Another alternative I would go with is an undergravel heater cable, just place it in the tank and put the substrate over it. The only thing that will be visible is the wire that comes out of your tank, but thats just like anything esle.


----------



## John N. (Dec 11, 2005)

Good idea, Jdinh. That reminded me that I've heard people had good results with using a reptile heat pad placed directly underneath the entire tank. This added enough heat without adding that wire inside the tank. But of course your results will vary, so keep that receipt if it doesn't work the way you want it.

-John N.


----------



## pitabread (Jul 14, 2006)

John N. said:


> Interesting idea. I would be wary of having the heater in contact with any of the HOB parts and plastic. I'm not sure if it will cause the HOB to melt or not, but something to definately watch out for. I'm not quite sure where I would get a small and accurate enough heater to fit into the back of an HOB too. But if you find away I don't see why you can't run with it.
> 
> -John N.


I have a 50 watt hydor heater and it's small enough to fit in an Aquaclear 20. And I'd certainly make sure that the heater itself wasn't touching the plastic. Using suction cups, I should be able to stick it to the side of the inside of the HOB and leave about 1/2" of space at the bottom.


----------



## pitabread (Jul 14, 2006)

Jdinh04 said:


> Another alternative I would go with is an undergravel heater cable, just place it in the tank and put the substrate over it. The only thing that will be visible is the wire that comes out of your tank, but thats just like anything esle.


Hmmm, that's an idea. I'll do some research into those and see how effective it would be. Of course, if I can put the heater in the HOB, then I won't even have that wire in the tank.


----------



## Laith (Sep 4, 2004)

pitabread said:


> I have a 50 watt hydor heater and it's small enough to fit in an Aquaclear 20. And I'd certainly make sure that the heater itself wasn't touching the plastic. Using suction cups, I should be able to stick it to the side of the inside of the HOB and leave about 1/2" of space at the bottom.

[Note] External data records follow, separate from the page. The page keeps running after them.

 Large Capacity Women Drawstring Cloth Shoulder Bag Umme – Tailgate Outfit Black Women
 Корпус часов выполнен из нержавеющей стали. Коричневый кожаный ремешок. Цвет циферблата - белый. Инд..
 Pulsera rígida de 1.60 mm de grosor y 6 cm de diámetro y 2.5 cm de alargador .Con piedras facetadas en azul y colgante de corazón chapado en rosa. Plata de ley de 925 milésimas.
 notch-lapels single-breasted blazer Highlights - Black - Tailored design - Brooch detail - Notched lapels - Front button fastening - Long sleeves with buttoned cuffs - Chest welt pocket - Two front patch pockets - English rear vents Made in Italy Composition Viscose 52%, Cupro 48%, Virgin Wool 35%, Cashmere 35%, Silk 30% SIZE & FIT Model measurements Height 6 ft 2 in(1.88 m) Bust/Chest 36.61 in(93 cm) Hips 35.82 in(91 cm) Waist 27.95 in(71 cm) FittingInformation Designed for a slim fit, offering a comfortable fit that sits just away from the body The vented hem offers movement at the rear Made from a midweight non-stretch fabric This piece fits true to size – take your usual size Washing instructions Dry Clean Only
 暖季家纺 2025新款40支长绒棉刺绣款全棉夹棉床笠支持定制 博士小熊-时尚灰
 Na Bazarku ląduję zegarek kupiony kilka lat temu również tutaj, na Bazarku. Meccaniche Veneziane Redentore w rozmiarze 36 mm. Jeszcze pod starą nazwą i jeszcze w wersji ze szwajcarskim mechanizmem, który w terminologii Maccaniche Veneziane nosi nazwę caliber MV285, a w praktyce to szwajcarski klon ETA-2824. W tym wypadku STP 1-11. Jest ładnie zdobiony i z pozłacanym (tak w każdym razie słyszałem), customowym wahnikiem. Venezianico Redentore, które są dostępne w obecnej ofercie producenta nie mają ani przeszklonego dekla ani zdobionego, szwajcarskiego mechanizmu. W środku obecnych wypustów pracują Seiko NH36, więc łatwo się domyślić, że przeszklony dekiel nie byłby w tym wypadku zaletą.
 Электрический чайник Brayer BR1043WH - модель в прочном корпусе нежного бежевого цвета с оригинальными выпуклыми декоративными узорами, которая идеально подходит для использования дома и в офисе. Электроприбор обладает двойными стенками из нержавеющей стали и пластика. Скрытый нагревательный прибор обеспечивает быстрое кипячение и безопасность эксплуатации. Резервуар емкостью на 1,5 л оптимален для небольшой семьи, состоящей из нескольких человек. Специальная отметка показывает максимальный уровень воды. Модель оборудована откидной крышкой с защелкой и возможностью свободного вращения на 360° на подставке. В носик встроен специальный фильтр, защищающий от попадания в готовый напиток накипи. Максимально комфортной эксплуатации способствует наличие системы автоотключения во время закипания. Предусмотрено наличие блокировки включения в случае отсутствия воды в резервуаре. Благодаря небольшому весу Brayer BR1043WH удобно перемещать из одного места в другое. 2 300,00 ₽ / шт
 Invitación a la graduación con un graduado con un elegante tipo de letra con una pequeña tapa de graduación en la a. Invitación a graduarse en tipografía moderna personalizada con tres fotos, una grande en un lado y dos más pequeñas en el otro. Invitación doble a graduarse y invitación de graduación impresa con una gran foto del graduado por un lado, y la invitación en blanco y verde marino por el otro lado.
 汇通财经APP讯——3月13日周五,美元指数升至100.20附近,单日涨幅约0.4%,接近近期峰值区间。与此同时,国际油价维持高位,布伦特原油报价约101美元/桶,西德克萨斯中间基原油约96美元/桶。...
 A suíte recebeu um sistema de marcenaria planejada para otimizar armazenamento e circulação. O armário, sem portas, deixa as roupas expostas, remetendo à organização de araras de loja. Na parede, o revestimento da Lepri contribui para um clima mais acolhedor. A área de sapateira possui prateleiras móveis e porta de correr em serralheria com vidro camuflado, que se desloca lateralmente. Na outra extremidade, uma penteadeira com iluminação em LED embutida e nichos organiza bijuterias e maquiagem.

This should work but I'd find a 2nd, backup method to keep the heater from touching the sides: suction cups do release themselves from what they're attached to from time to time...


----------



## andrewwl (Sep 26, 2005)

Search for the Aquaclear hang-on-back filters that the saltwater guys modify into refugiums. Many stick their heaters back there with no problem


----------



## pitabread (Jul 14, 2006)

I got my AQ 70 today and the 25 watt heater I bought more than fits. A local shop has small heater guards (6"), so I think I'll get one of those. That way there will be no chance of the heater touching the filter plastic, even if the suction cups come undone.


----------